Have you considered going to therapy? Any form of loss results in grieving, and losing pets is no different. A professional therapist will be able to support you with the grieving process.
 
Hello both, thank you for your reply.

I have considered speaking to a councillor. I just feel like I’m getting worse not better. The guilt is horrible, she was so so sweet and I just feel bad for not giving her my full attention I guess when I busy going out. I know it sounds crazy but I can’t help but think it. I can’t even think/deal with her last day at the vets, I can feel almost panic setting over me and extreme sadness if I remotely think of it.

I’m so lucky I had her for 14.5 years when I speak to people who have lost their beloved fur babies allot younger. I just miss her so much
 
It can feel like it gets worse at time - for me, several months in, and even now (over 1.5 years later) I have moments of 'OMG, he's STILL gone, how can that be?' Which is illogical, of course. But grief is illogical, and however you feel, it is valid, it is very real to you, and you are not crazy.

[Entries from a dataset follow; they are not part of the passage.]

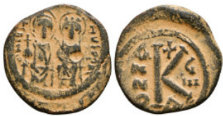
701 PHOCAS with LEONTIA (602-610). Follis 6,63 g - 23,38 mm 5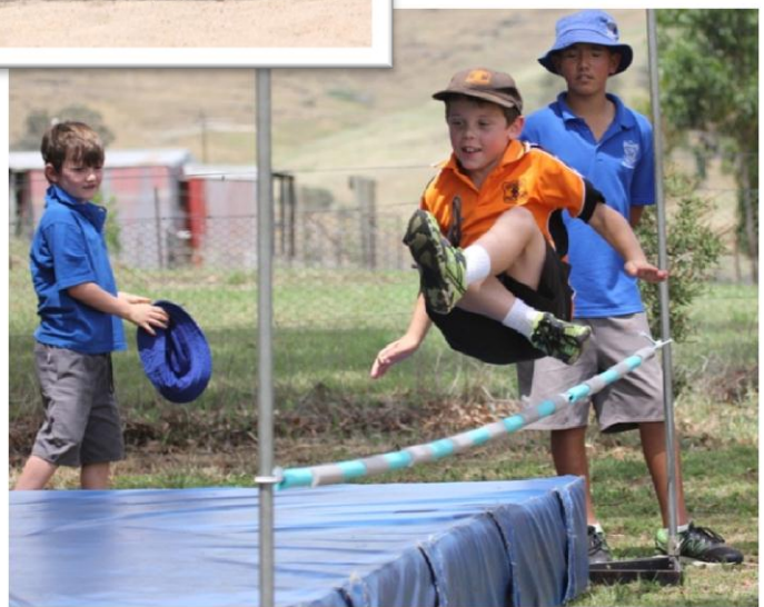
Images from Infants' athletics and Primary tabloid sports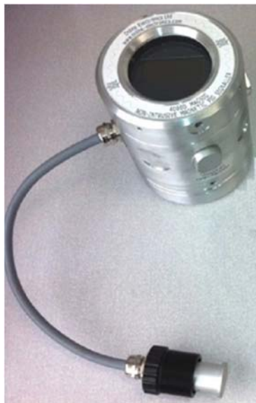
4001D MAGSIG PIG SIGNALLER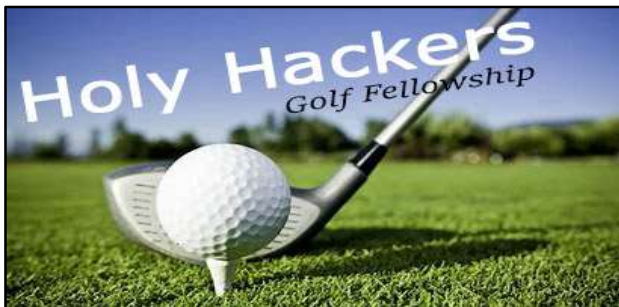
Recap Holy Hacker Outing Saturday, June 11th

Prior to going to bed last night, I watched the weather on two different stations just to give me a bit of a heads up as to what the Holy Hackers may be expecting Saturday morning. Well let me tell you - what I saw and heard did not give me a warm and fuzzy feeling about having a dry and sunny day for the Holy Hackers. I knew at that time I would not be getting a very good night's sleep just knowing what may be lying ahead weather wise. To prepare myself even more for the forthcoming weather phenomena I laid out my very own early warning weather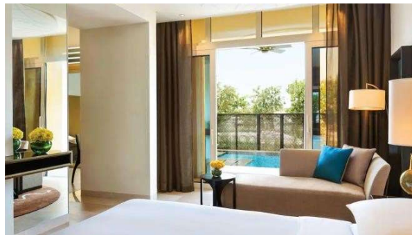
Figure 17. 2 Bedroom with Garden View Villa

170 sq m villa featuring two bedrooms, living room, large terrace with private pool, rain shower, sun loungers, offering stunning views of the Arabian Sea.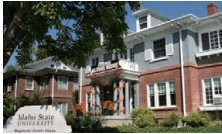
Idaho State University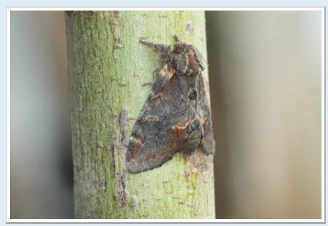
71.012 [BF 2000] Iron Prominent (Notodonta dromedarius)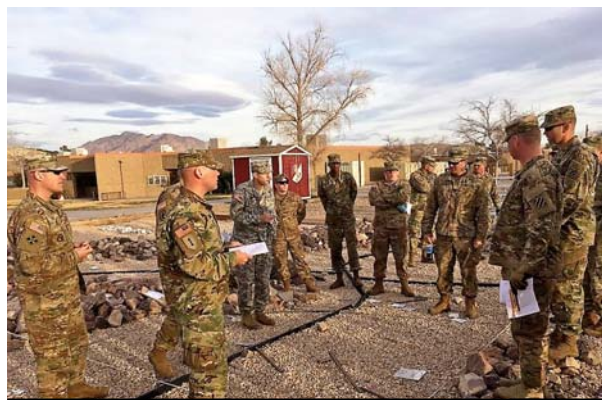
The staff rehearses an operation at the NTC during leader training program

On the horizon is the Squadron Change of Command, another NTC Rotation, and a deployment to Korea.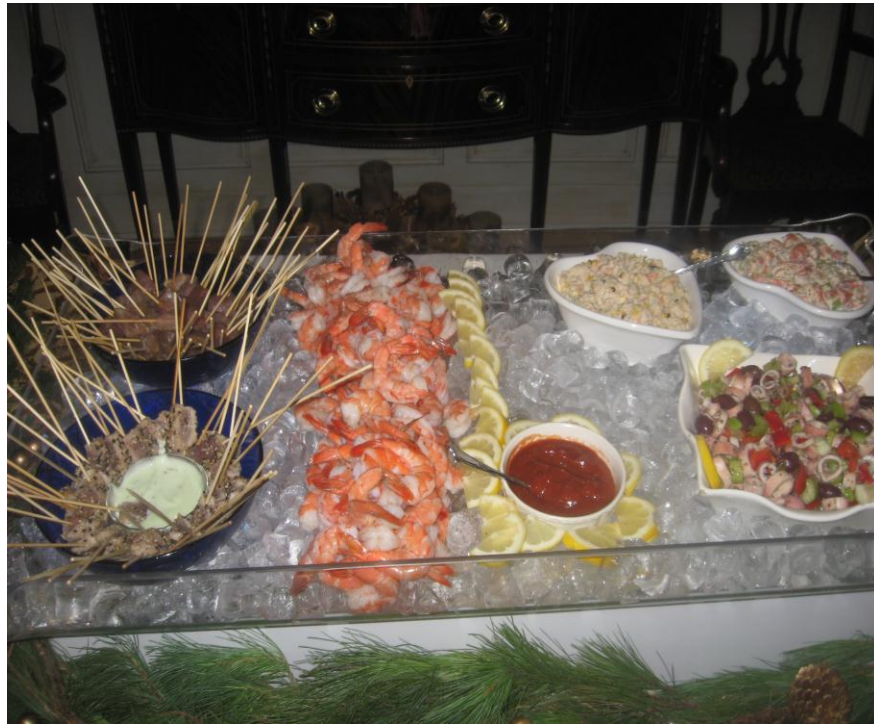
Seafood Sampler (smaller sampling of Ice Glow of Assorted Seafood: Tequila Lime Shrimp, Classical Shrimp Cocktail (16/20's) and Asian Pesto Shrimp ,Black & Blond Sesame Tuna, Tahini Crab Salad, Mini Oyster Crackers, Cusabi Sauce (cucumber/Wasabi cream), Raspberry Cocktail Sauce, Wasabi Cocktail Sauce, Avocado corn relish (terrific with Tequila lime shrimp), Sliced lemons and limes

Vegetarian Table: vegetable antipasto with grilled yellow squash, zucchini, eggplant, yellow & red peppers, Portobello mushrooms, artichoke hearts, shaved Reggiano Parmigiano, Bocancini (proscuitto and pepperoni by request), Vegetarian Quesadillas, Roquefort grapes with walnuts, sun dried tomato cheese tort & double pesto cheese tort, an assortment of crusty baguettes and flatbreads, served with a of balsamic reduction dipping sauce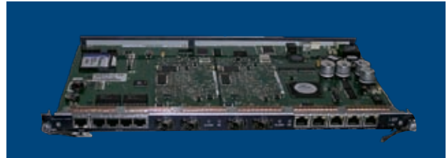
6022: Mobile WiMAX IDU serving 2 sectors MIMO A/B Matrix

The 6022 can be fitted with one or two 16e PMP daughter boards, each serving one sector with MIMO. Up to four of these blades can be placed into the 6400 chassis, enabling operation of up to eight sectors—with or without MIMO. IDU/ODU connection is realized through an optical interface.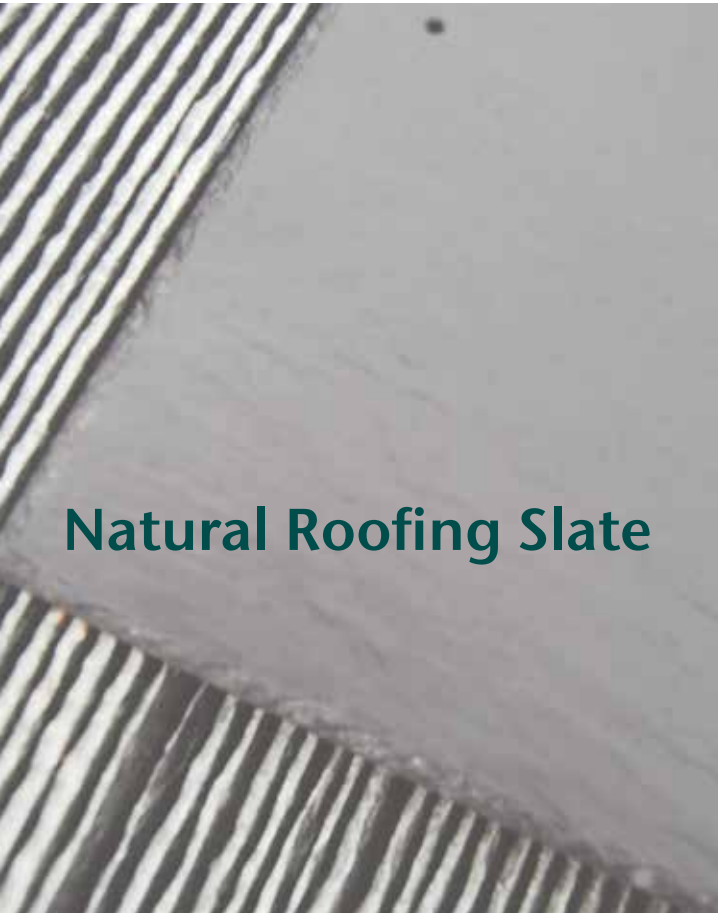
Natural Roofing Slate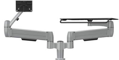
Sit Stand SpaceArm Double Hub SS012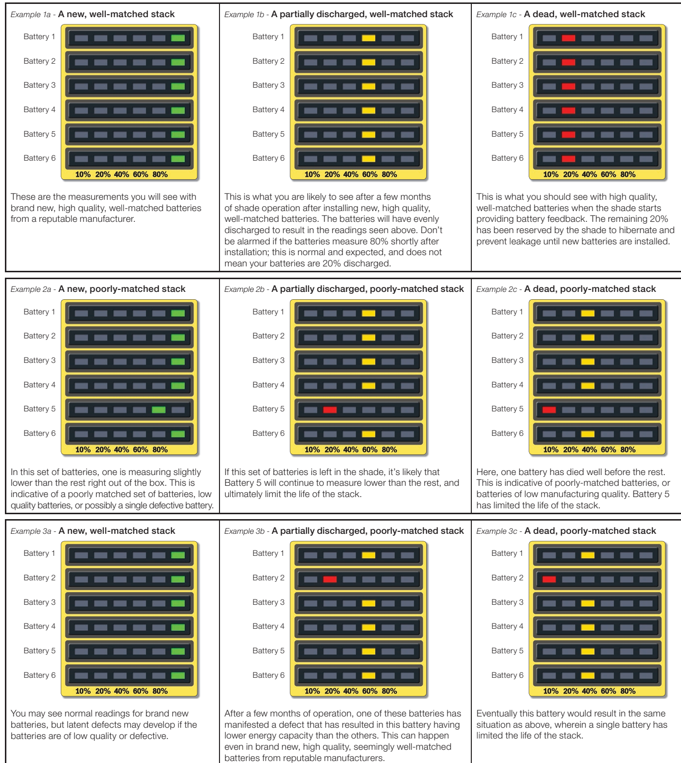
Figure 4.1 - MBT-1 readings representing various battery conditions

The technique described in section 3 can also be used to diagnose battery failures in shades. Once a shade provides battery related feedback (moving at half speed, slow RED blink, solid RED light), evaluate each of the batteries in the manner above. If one or more batteries is at a lower reading than the others, they were likely limiting the life of the stack. When replacing these batteries, be sure to use all brand new batteries from the same manufacturer, preferably from the same package. See figures 4.1 below for common examples you can expect to see when measuring batteries on the MBT-1 or Mini-MBT (MBT-1 6-LED graph shown).

We can't give our dogs our full attention the whole time, and we can't always let them do/walk where they want, as far as they want, and so on. We need a life too. It's obvious she had a great life. I know you know that really, but again, that doesn't invalidate the emotions you're feeling. Do please speak to a counsellor, maybe a pet bereavement counsellor. Losing a pet can feel harder than losing a loved human, and you will want a counsellor who understands that.
 
I'm so sorry to read your first post in this thread, and your responses to the replies. I can empathise completely. I lost my first dog, Jimmy, in March this year. I was, and still am, completely and totally heartbroken. The day we lost him was just awful, and I would have done almost anything to save him. For me, that sense of loss is still very much with me. Occasionally, a photo or video will pop up on my phone with him in, and it just upsets me beyond words (I actually have tears welling up typing this!). I miss him so much, it's painful. I don't think I'll ever get over it.

We ended up getting another rescue dog, Rusty. He's a delight. Being with him does take my mind off Jimmy, but of course I'll never, ever, forget my special boy. My bond with Rusty will get stronger and stronger as time goes on and I love him dearly.

I do think you need to chat to someone if you're feeling down. Some good recommendations have been made, talking to someone can make you feel better, if only through sharing what you're going through. I'd happily take up the role of a listener if talking to a complete, but understanding, stranger is comfortable for you.

Take comfort in knowing your beloved dog was in a safe and loving home, loved by you and your family members. We all have our lives to lead, so going out and doing just that isn't in any way a reflection of the love you have for your dog. Failing her would be abandoning her on the street, not feeding her, not sheltering her, physically abusing her. I can't see that you've done any of these things, so please try to understand you've done nothing to feel guilty about. We all have those "what if?" questions. I do. Lots. But they're unanswerable and rather than concern ourselves with what could have been, we should try and focus on the what was - all the good, all the fun, all the laughter and joy. Without you, your dog would not have had any of these things.